Top of LISTED RECORDS
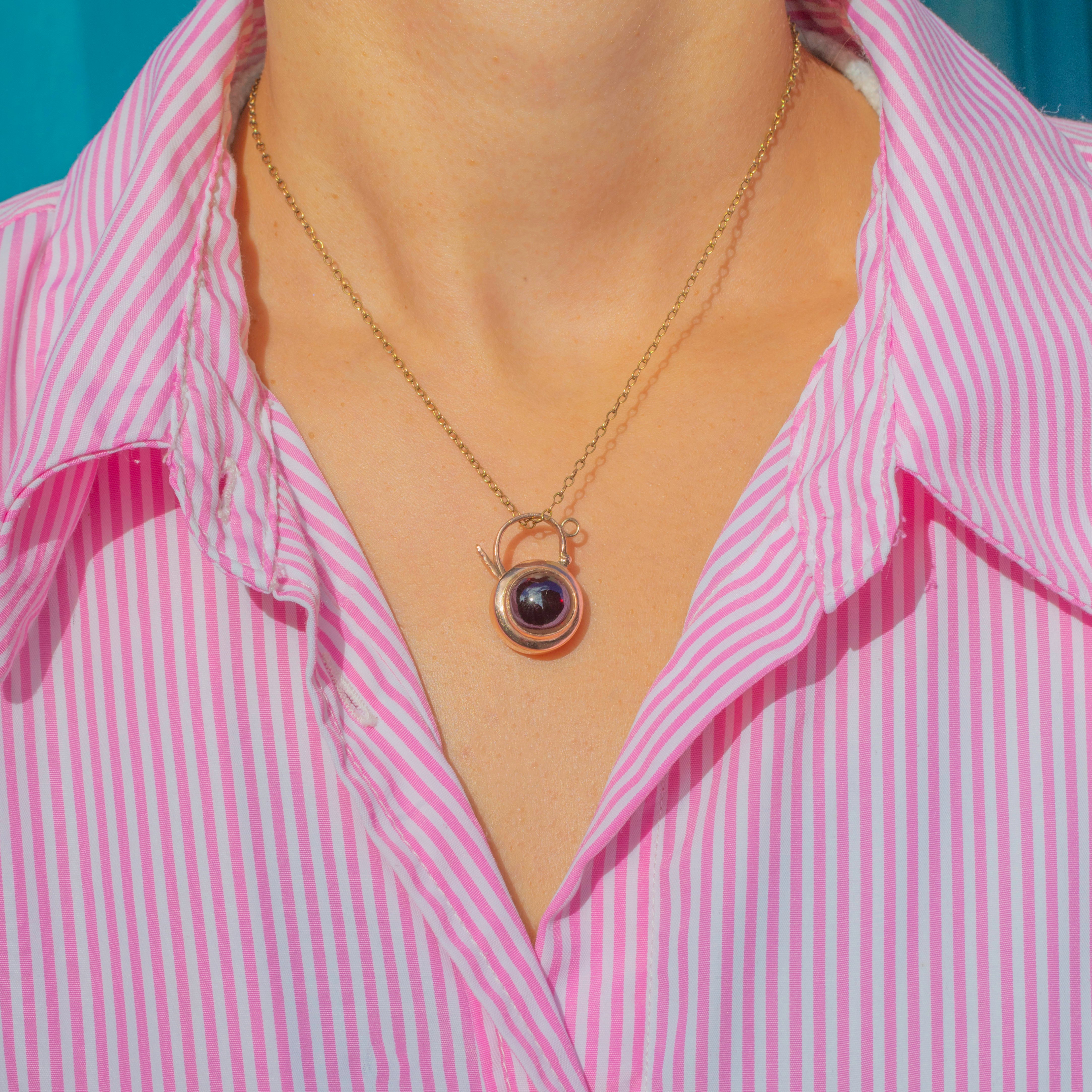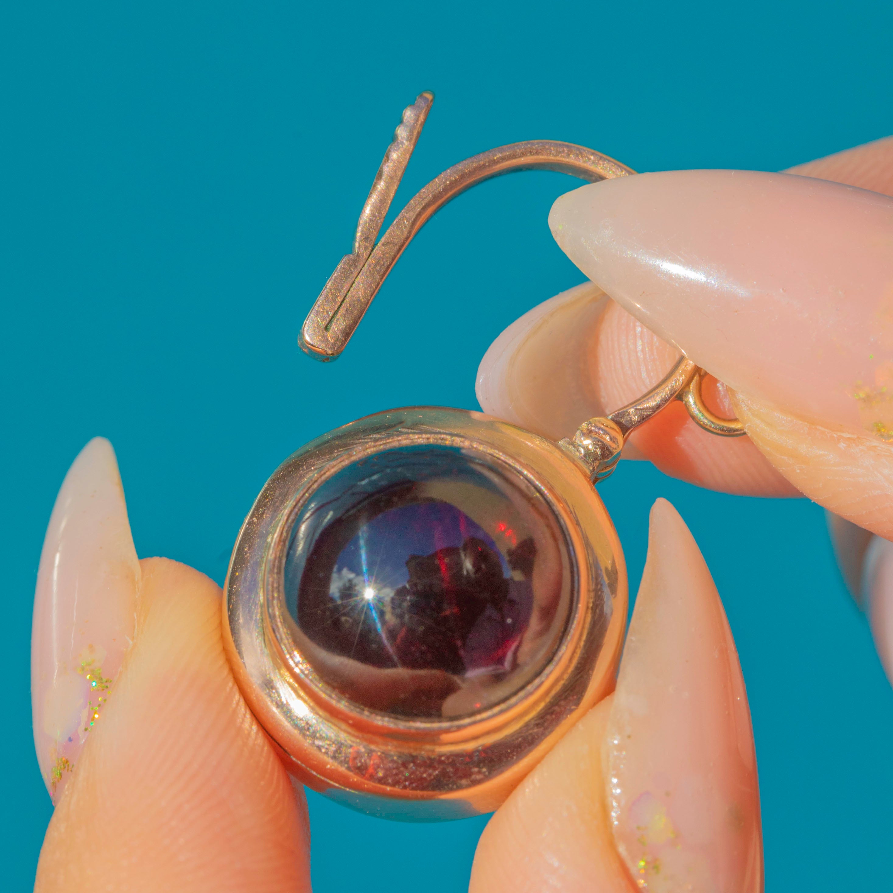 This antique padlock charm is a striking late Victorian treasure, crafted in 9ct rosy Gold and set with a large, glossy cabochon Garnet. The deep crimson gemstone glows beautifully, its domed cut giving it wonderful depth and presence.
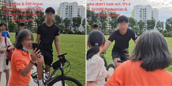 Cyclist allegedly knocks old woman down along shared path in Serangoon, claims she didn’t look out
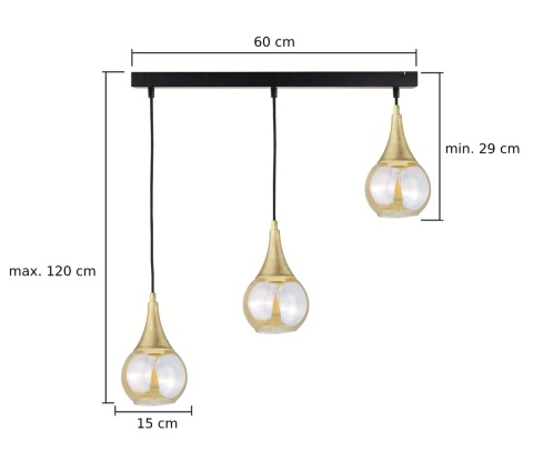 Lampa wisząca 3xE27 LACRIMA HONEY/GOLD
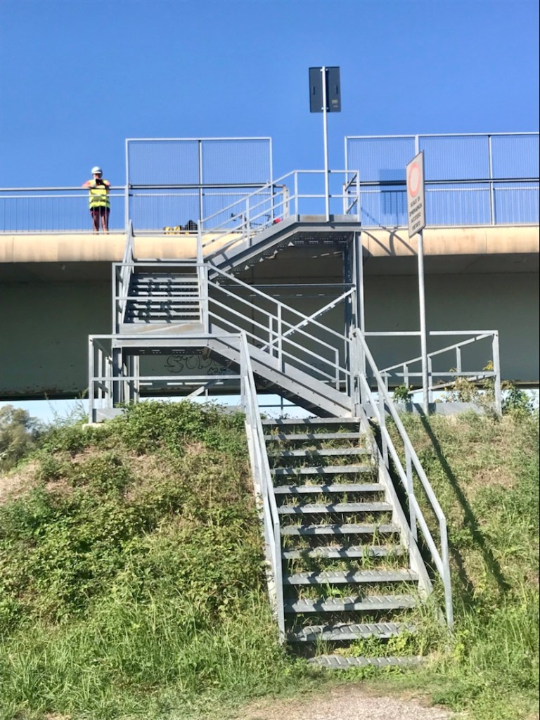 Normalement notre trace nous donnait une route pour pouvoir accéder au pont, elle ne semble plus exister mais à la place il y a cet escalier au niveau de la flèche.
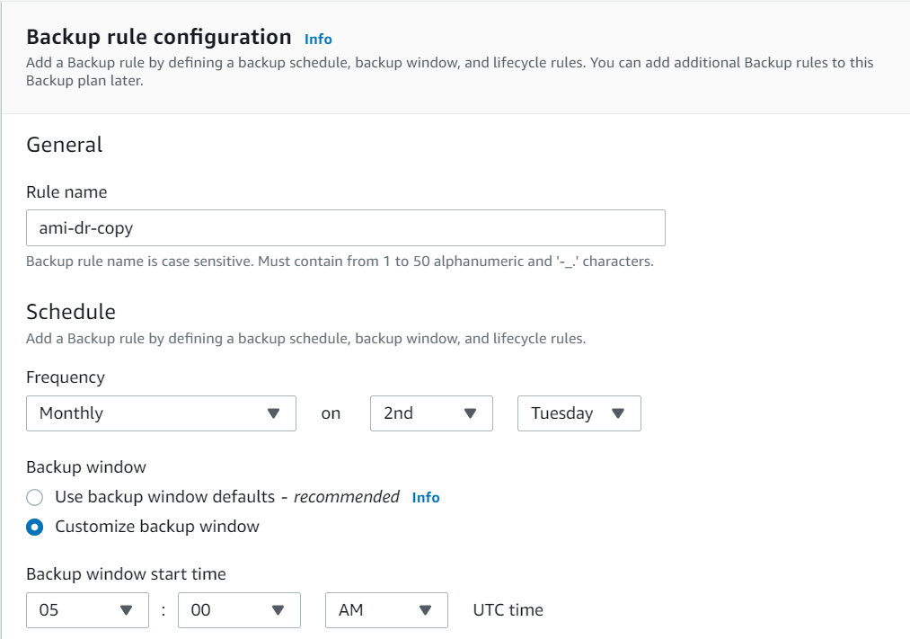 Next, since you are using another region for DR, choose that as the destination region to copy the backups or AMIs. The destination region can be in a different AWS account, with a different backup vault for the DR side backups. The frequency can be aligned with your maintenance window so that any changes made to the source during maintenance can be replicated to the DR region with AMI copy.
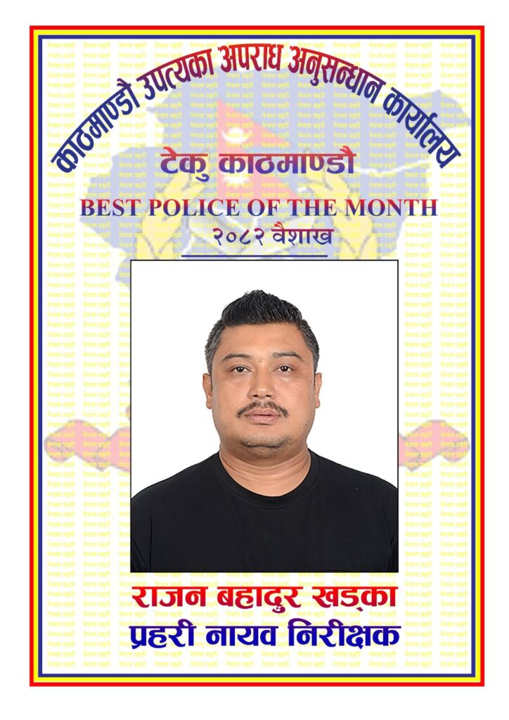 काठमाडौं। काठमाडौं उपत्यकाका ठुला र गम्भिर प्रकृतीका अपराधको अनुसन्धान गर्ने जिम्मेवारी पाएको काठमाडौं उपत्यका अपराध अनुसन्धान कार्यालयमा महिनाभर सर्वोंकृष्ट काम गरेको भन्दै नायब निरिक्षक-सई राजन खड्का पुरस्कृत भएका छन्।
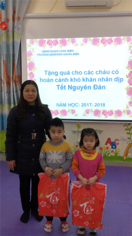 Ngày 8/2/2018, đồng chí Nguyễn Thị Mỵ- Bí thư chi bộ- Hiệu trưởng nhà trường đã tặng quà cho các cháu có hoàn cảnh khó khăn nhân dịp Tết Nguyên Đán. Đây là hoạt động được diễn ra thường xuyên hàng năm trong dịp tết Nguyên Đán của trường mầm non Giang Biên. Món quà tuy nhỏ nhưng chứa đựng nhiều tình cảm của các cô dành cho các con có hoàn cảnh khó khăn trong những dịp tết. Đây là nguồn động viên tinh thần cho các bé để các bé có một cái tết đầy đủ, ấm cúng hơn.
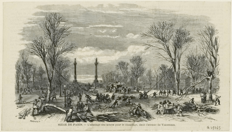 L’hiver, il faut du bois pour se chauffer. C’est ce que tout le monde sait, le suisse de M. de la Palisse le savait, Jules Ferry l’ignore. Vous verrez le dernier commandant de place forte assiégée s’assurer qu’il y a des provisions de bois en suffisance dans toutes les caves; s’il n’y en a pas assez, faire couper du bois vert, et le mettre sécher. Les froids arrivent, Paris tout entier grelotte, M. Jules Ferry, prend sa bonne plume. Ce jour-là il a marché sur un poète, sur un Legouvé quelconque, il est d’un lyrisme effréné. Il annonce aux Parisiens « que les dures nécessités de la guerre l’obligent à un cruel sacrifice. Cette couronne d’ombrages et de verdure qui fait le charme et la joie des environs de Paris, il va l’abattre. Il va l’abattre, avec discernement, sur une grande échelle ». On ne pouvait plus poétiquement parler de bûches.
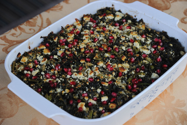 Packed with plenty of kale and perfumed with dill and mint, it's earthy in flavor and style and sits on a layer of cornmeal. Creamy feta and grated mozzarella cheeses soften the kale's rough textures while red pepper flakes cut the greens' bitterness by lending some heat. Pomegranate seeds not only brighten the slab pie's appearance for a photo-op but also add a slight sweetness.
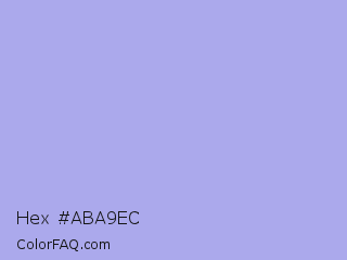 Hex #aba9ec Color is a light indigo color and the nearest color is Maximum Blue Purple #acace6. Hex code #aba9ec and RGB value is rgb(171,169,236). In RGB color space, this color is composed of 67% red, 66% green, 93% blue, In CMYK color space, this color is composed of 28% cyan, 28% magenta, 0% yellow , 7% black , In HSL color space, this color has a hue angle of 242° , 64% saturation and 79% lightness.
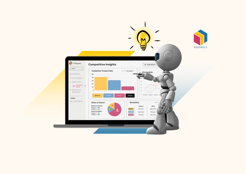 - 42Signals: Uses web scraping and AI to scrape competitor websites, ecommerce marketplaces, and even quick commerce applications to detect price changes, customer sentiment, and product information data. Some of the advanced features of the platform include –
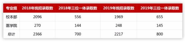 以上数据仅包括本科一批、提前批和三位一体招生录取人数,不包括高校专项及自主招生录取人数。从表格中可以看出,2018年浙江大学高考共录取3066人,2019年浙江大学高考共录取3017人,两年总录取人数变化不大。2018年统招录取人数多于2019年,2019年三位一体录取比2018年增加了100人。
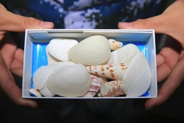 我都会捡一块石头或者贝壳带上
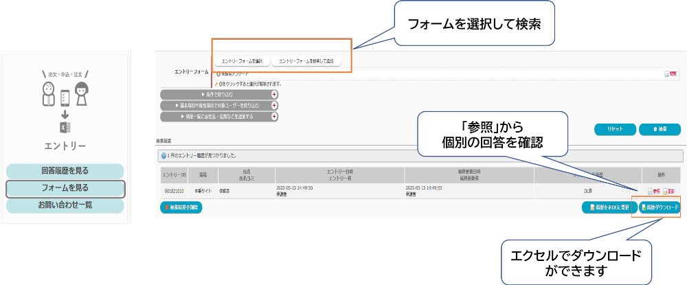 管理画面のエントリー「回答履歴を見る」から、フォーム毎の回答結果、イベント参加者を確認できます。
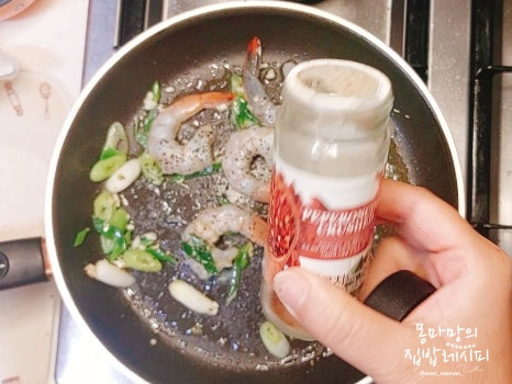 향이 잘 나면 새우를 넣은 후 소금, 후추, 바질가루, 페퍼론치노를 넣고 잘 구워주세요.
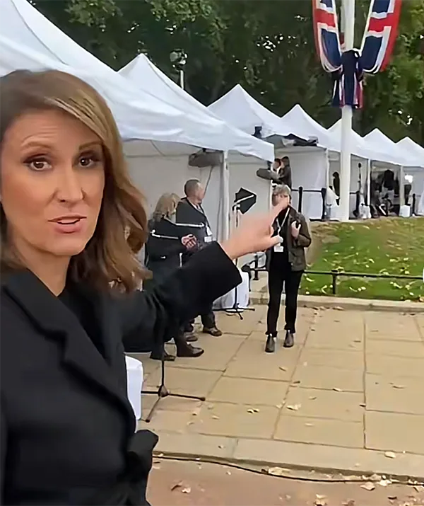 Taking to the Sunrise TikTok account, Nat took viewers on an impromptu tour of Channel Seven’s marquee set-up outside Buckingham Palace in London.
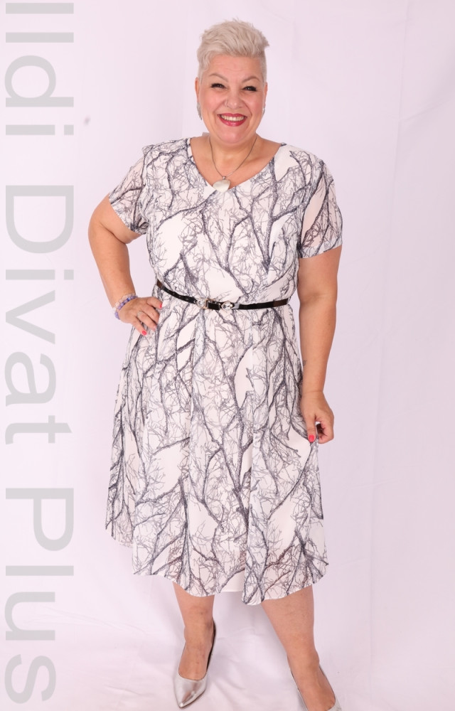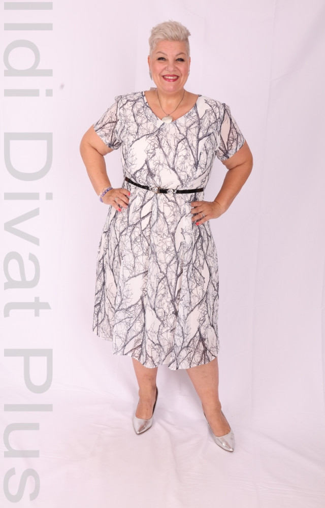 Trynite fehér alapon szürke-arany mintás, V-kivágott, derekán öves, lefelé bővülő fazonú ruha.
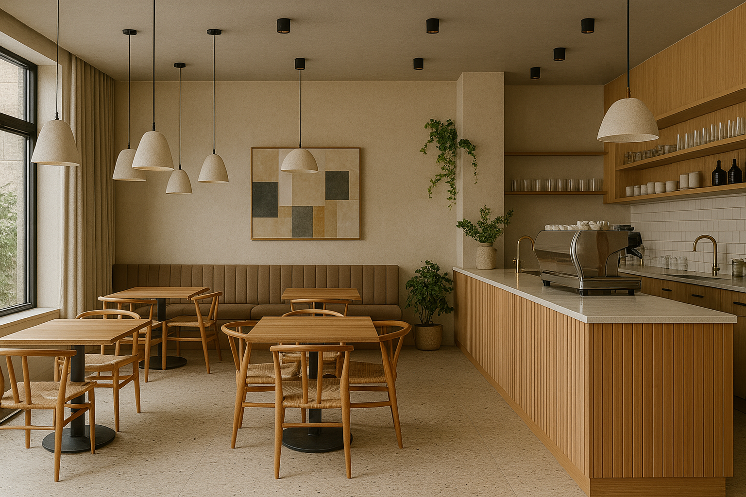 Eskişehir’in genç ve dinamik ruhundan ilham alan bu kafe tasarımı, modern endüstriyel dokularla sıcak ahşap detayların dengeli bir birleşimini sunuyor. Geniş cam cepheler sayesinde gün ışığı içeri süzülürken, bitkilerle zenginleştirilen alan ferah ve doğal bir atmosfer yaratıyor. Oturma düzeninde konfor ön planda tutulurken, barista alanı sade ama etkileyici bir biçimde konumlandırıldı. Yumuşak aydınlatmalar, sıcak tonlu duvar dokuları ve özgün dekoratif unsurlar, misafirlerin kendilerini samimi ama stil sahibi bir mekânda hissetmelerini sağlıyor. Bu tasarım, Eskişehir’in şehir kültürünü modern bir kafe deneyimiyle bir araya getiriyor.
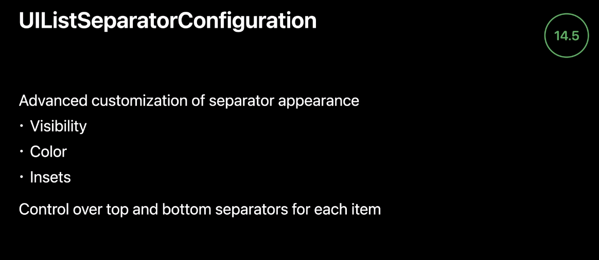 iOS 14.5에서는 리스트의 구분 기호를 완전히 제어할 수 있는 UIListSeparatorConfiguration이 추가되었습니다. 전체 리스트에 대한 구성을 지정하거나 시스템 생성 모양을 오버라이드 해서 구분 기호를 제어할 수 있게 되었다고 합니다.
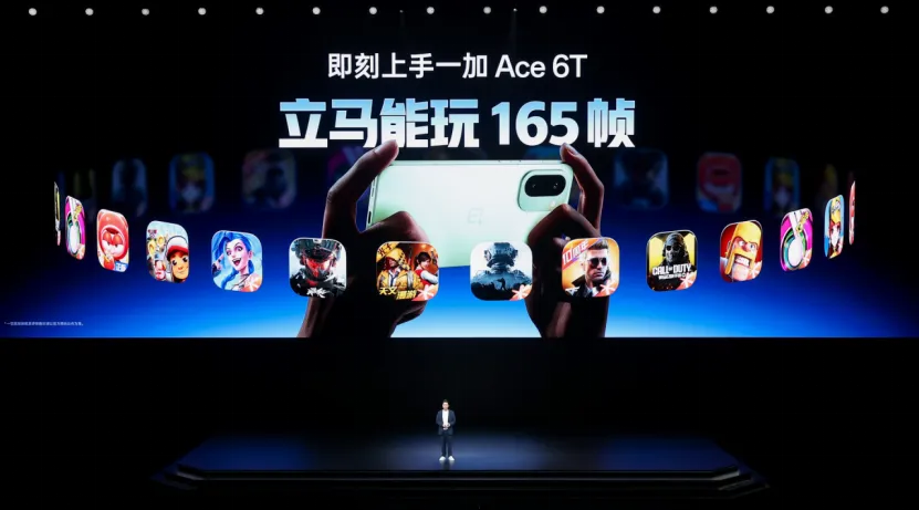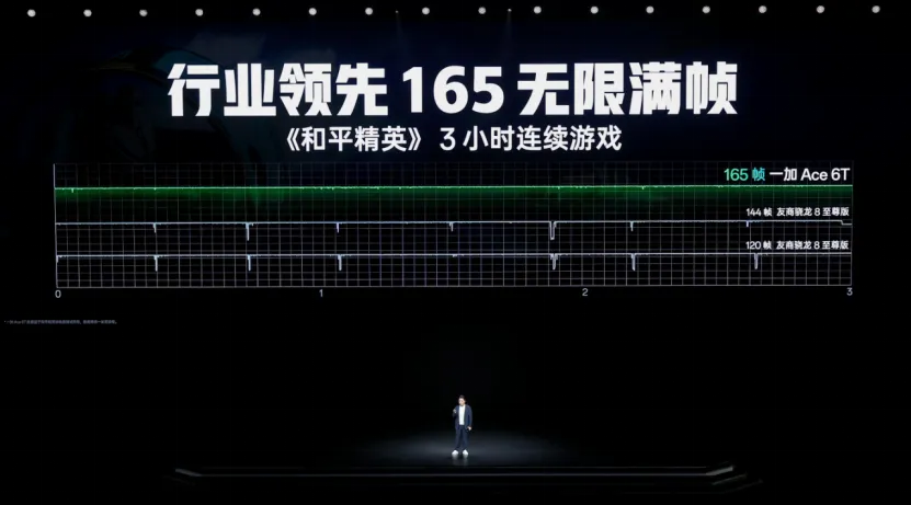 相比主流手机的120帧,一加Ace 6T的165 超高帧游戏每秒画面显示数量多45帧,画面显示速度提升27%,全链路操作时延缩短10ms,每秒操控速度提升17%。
Bottom of LISTED RECORDS
### WORK INSTRUCTION
The expected output is an exact copy of the lines from the top of the data above through the line containing "Lampa wisząca 3xE27 LACRIMA HONEY/GOLD", both included, with every picture omitted.

### FINISHED EXERCISE
 This antique padlock charm is a striking late Victorian treasure, crafted in 9ct rosy Gold and set with a large, glossy cabochon Garnet. The deep crimson gemstone glows beautifully, its domed cut giving it wonderful depth and presence.
 Cyclist allegedly knocks old woman down along shared path in Serangoon, claims she didn’t look out
 Lampa wisząca 3xE27 LACRIMA HONEY/GOLD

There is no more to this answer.